Reconstructing asteroids with multimodal data
Due to their small size and longe distance from us, most asteroids are only observable as points of light (photometric observations). We have shown that photometric data uniquely determine convex shapes. For thousands of targets, various degrees of disk-resolved data can be used for more detailed nonconvex shape reconstruction. For this end, we introduce ADAM, the All-Data Asteroid Modelling method. ADAM is simple and universal since it handles all disk-resolved data types (adaptive optics or other images, interferometry, and range-Doppler radar data) in the same manner via the Fourier transform once the 3D surface of the target is prepared for fast ray-tracing. This also enables fast convergence with gradient-based optimization. We have derived uniqueness results for the various data types.

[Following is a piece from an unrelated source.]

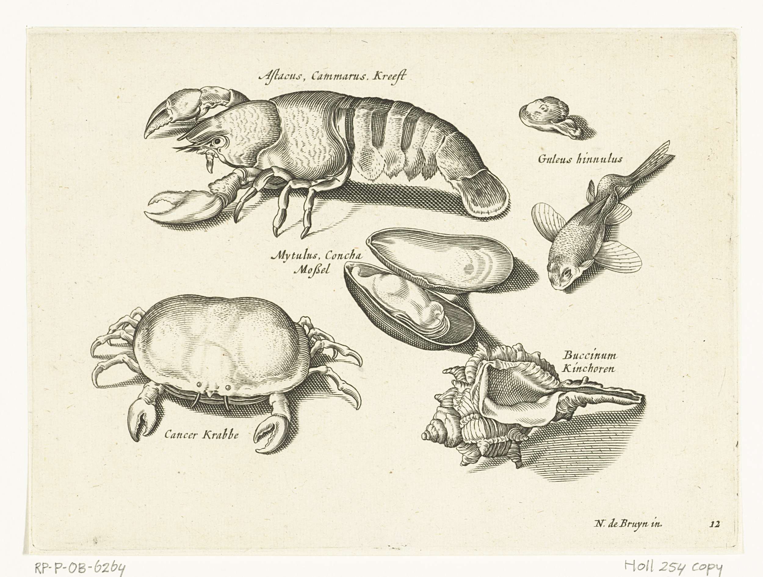 Kreeft, krab en schelpen met opschriften welke de schaaldieren identificeren in Latijn en Nederlands

In the reconstruction process, the difference between each data type is essentiallly the definition of the particular generalized projection from 3D onto a 2D image plane. The disk-integrated data (photometry) are just a special case of this (a sum over the surface). Stellar occultation timings can be included as sparse silhouettes, and thermal infrared data are efficiently handled with an approximate diffusion-equation solution that is sufficient in practice due to the dominance of the high-contrast (boundary) pixels over the low-contrast (interior) ones. This is of particular importance to the raw interferometric data that can be directly handled by ADAM without having to construct the usual image. We study the reliability of the inversion by using the independent shape supports of function series and control-point subdivision surfaces.